They rolled across the flatlands of the Murray River plains like an unstoppable force of nature..for surely that would best describe their tenacious persistence to forge a new Silesia..a new Posen a new homeland in this strange and distant place…a new life they saw as gifted to them from God that with their twisted version of a Christian Faith allowed no deviation from the written word and little forgiveness for those who slacked off in their expected commitment to both community and pastor, and the churches were quickly and proficiently built on land that still held the scent of the wild animals hunted by the indigenous peoples that were driven at bullet point from their hunting grounds and living sites along river and stream.
The Germanic settlers had arrived…themselves forced from their homelands by a brutal military government that despised both their cultural independence and their version of Protestantism, they arrived on the shores of the newly formed province of South Australia with all the determination of a desperate people with little or nothing to lose, and so the English governors of the day used them to push open that wild country to the northeast of the capital…pushed them into the wild hunting grounds of the indigenous peoples to force a confrontation and so “justify” a brutal retaliation by such renegade militia that the powers that be could muster together…a collection of criminals and prospectors for gain seeking any excuse to break agreement of the Letters Patent that guaranteed cultural and land rights to those indigenous people…a cruel betrayal of both the English governors own King and Parliament and the people who came under their physical power.

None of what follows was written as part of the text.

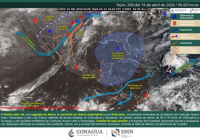 Este día, una línea seca prevalecerá en el norte del territorio nacional, en interacción con el frente núm. 44, que se extenderá cerca de la frontera norte de México, con una vaguada en altura y con la corriente en chorro subtropical, ocasionarán intervalos de chubascos en Coahuila, Nuevo León, Tamaulipas y San Luis Potosí; además de lluvias aisladas en Chihuahua y Zacatecas; dichas lluvias podrían estar acompañadas con descargas eléctricas y caída de granizo. Así mismo, se prevén rachas de viento de 50 a 70 km/h en Chihuahua y Durango; y con posible formación de torbellinos en Coahuila (norte), Nuevo León (norte) y Tamaulipas (noroeste). Por otra parte, canales de baja presión en el interior y sureste de la República Mexicana, aunados al ingreso de humedad del océano Pacífico, golfo de México y mar Caribe, generarán lluvias y chubascos con descargas eléctricas en estados del occidente, centro, sur y sureste del territorio mexicano, incluida la península de Yucatán. Finalmente, se mantendrá la onda de calor en Sinaloa (norte, centro y sur), Nayarit (norte y sur), Jalisco (oeste y sur), Colima (este y sur), Michoacán (centro y oeste), Guerrero (noroeste, este y sur), Morelos (sur), Puebla (suroeste) y Oaxaca (sur).

But the central government underestimated the determination and perseverance of these new settlers..These peoples, mostly Slavic in ancestry were compelled to Germanise their names, religion and culture as part of the new Republic of Germany or suffer the consequences..hence the migration of entire villages replete with Pastor to Australia in the 1840’s onwards to the end of the century. These eastern Europeans were known mostly to themselves as Wends or Sorbs. And unlike the other two waves of Germanic migration; The persecuted Middle-class from the German cities who settled and brought culture to Adelaide and the proletariat industrial workers from the cities, who brought trade and industrial skills to the state, they held their culture and themselves to themselves and their Pastors. Hence the close-knit settlements around the Barossa Valley and Kapunda / St Kitts / Steinfeld areas of Sth Aust…and right up to the late 1950’s, English in their homes was a second language.

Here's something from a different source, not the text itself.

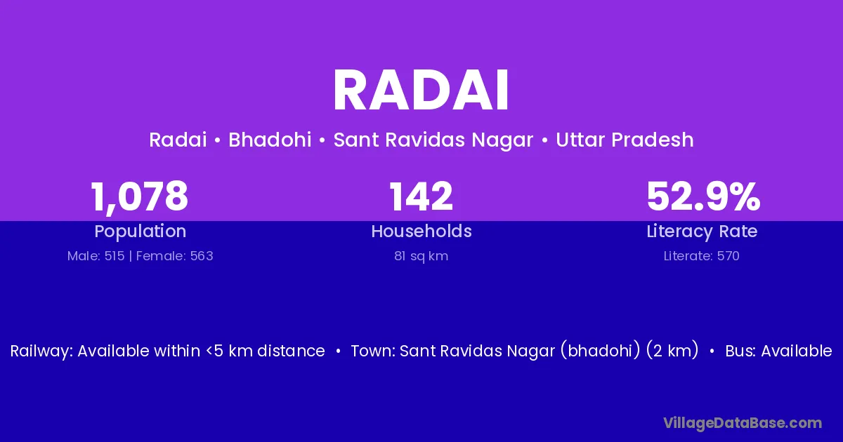 Sant Ravidas Nagar (bhadohi) (2 km) is the nearest town to Radai village for major economic activities and is located approximately 2 km away.

I have noted the many unrecorded efforts of many of those families while they battled with George Fife Angas’s use of their hard labour and their dedicated to family attempts to hold onto their impossible to farm successfully; hopelessly small plots of land and were in many cases left destitute and broken by what must be a deliberate plan to use them to clear-fell those sections of the mallee most suitable for cropping...for as with any families who have lost everything and then been granted by fortune or fate a second grab at life, they took no prisoners in either social or pragmatic concerns..They ghettoed and they clustered together for their own protection…small hamlets under one pastor..a collection of families working together to form a community…land leased from a tyrannical landlord ; The South Australia Company, a fascist corporation that formed a corporate government even before the word “Fascist” was properly defined in its meaning..their sole objective being running a state on speculation and entrepreneurship using cheap labour of the new Germanic migrants to farm the cleared land stolen from the first peoples..; The Kaurna, the Ngarrindjeri, further northern tribes and clans driven from and massacred by the advanced arms imported without restraint from America…carbines replaced the old black-powder muskets that needed close-quarter contact with the indigenous warriors who then had distance enough to use their accurate spear throwing skills to at least fight back…and from then on it was like shooting fish in a barrel.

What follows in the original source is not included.